Obsidian Situations
Parisian psychogeography unfolds through a practice of visionary mediumship drenched in melancholy and punctured by polemics. At once a singular transmission of eternal loss, a hilarious critique of the present, and a painstaking search among the ruins of rococo, this is writing with the ironic ring of truth.
- 5” x 7.5”
- 224pg
- Interior Printed 1 Colour Risograph (Blue)
- Edition of 250
Purchase the first edition published by Documents in Montréal, 2023, here
What is the obsidian situation? An act of mourning, committed in a mood of cocky abjection, against indifference and hollow repetition. The element is wet: fountains, sweat, vapours, wine, puddles, tears tears tears, soggy towels and the Seine flowing beneath. The form is layered, carefully folded, then crumpled and held together with an ancient ribbon. The structure is Paris, spiderweb of fixed names and stray histories. The obsidian I deadpans her way through the pathos of small-r-romance in a century that wishes it were dead. She has questions for her coterie of XVIIIe siècle spirits and other brick-a-brack.

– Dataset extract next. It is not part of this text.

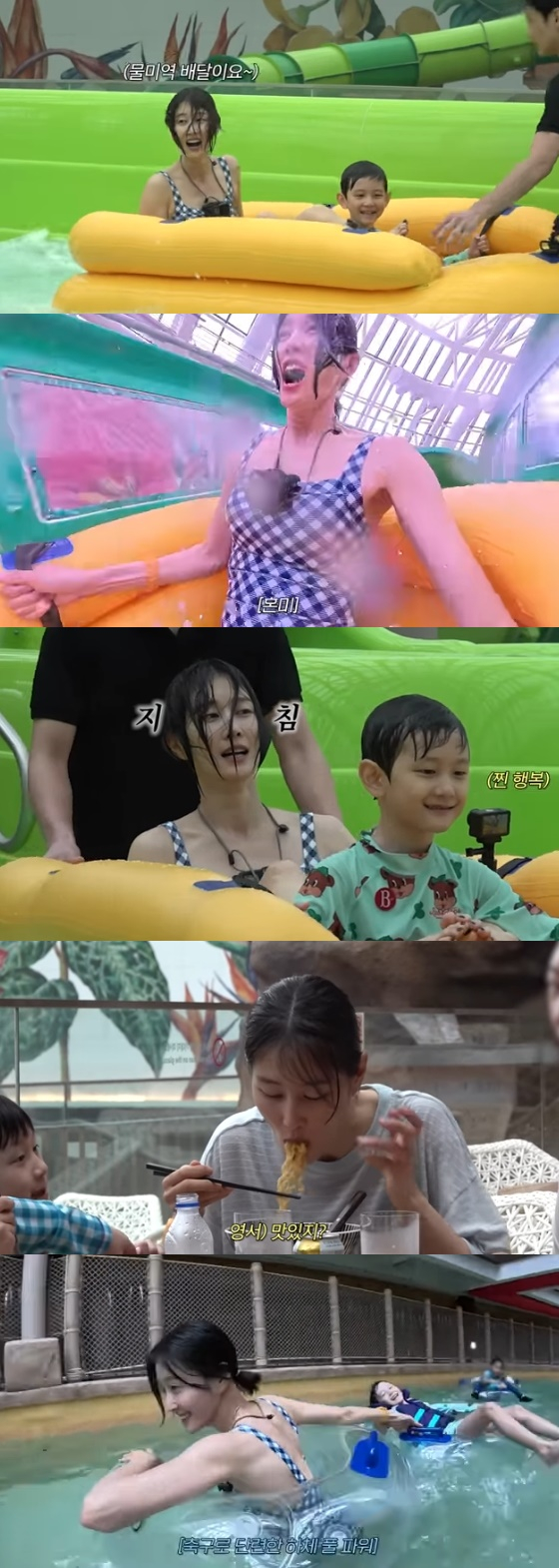 모델 이현이가 둘째 아들과 함께 워터파크 나들이에 나섰다.

Q: Is it art to be day-drunk in the Tuileries?
A: C’est possible.
Q: Can anything be done for the avalanche of petits objets rushing to their fates, the fate of being vitrined in the heart of the Imperium; glass-eyed and soiled in a basement; the fate of a man’s missing teeth, a floating bottle?

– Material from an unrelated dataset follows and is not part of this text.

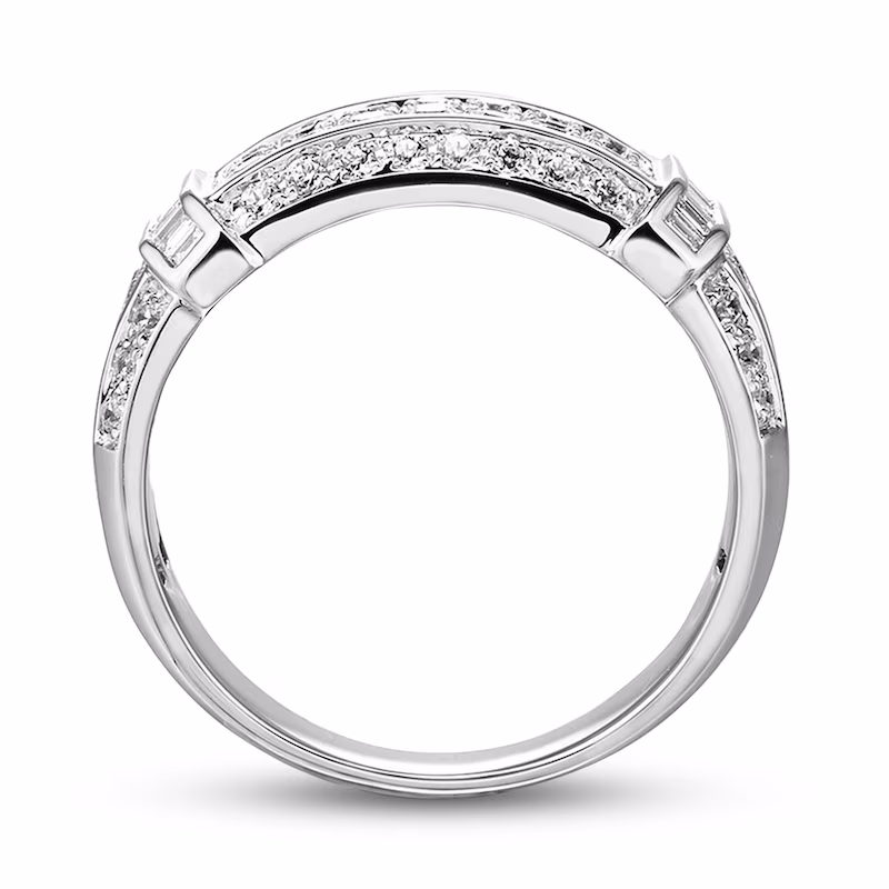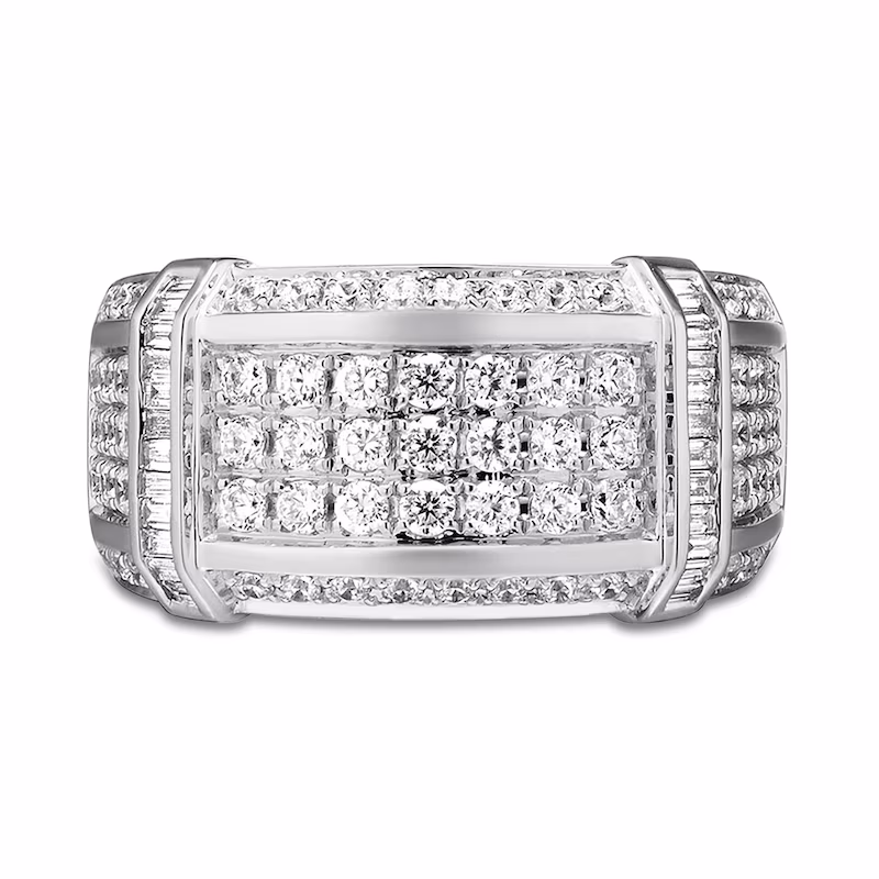 Three sparkling rows of round diamonds adorn the center of this distinguished men's band, while vertical rows of baguette diamonds provide contrasting brilliance. More diamonds edge the band to bring the total diamond weight to 1 1/2 carats. The ring is styled in high-polish 10K white gold.

A: Tous, adorés et méprisés, suivront la rivière jusqu'à la mere.
Cynthia Mitchell
Tricia Middleton’s debut verse-novel brings the artist’s genius for summoning the psychic life of the object world to the page, here trading in the resonant material vocabulary that she has honed to perfection conjuring the wayward spirits of late-stage capitalism in sculptural form, for the equally resplendent wordplay of incisive observational poetry.

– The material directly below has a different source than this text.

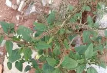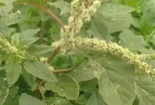 反枝苋是苋科苋属的一年生草本植物。株高达1米;茎密被柔毛;叶菱状卵形或椭圆状卵形,先端锐尖或尖凹,两面及边缘被柔毛,下面毛较密;穗状圆锥花序,顶生花穗较侧生者长;花被片长圆形或长圆状倒卵形,…全部>>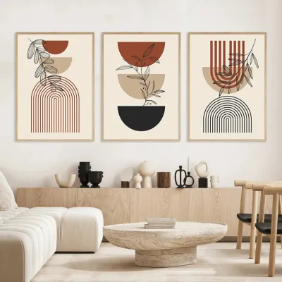 * Featured Sale * Set of 3Pcs Abstract Geometric Botanical Wall Art Fine Art Canvas Prints Neutral Colors Pictures For Living Room

Ostensibly set in present-day Paris, Obsidian Situations spans centuries, telling a story about the epigenetics of suffering, survival, and redemption in social and cultural form. Alternating between myriad personae—sometimes artist or artwork, poet or amorphous cloud—the anonymous, decidedly female, narrator that serves as our guide to the city of light channels the souls of works of art and ideas, of artists, philosophers, courtesans and, most heartrending of all, des Enfants-Trouvés through incantatory soliloquies that call to account the half-life of Enlightenment ideals propping up the soft and saggy moral economy of the L’age Anthropocentric.
As a force of self-definition and a body objectified—and so subject to the same degradation as any and all things—our champion encounters ‘situations’ that are in equal parts hilarious and heartbreaking, horrifying and wretched, breathtakingly beautiful, poignant, and mad. It’s a world of museums and collectors, artists and curators, lovers and mothers, daughters and others, charged with desire and repulsion, longing and rejection, death and devastation that, ironically, can only be transformed in art and in poetry and in dreams.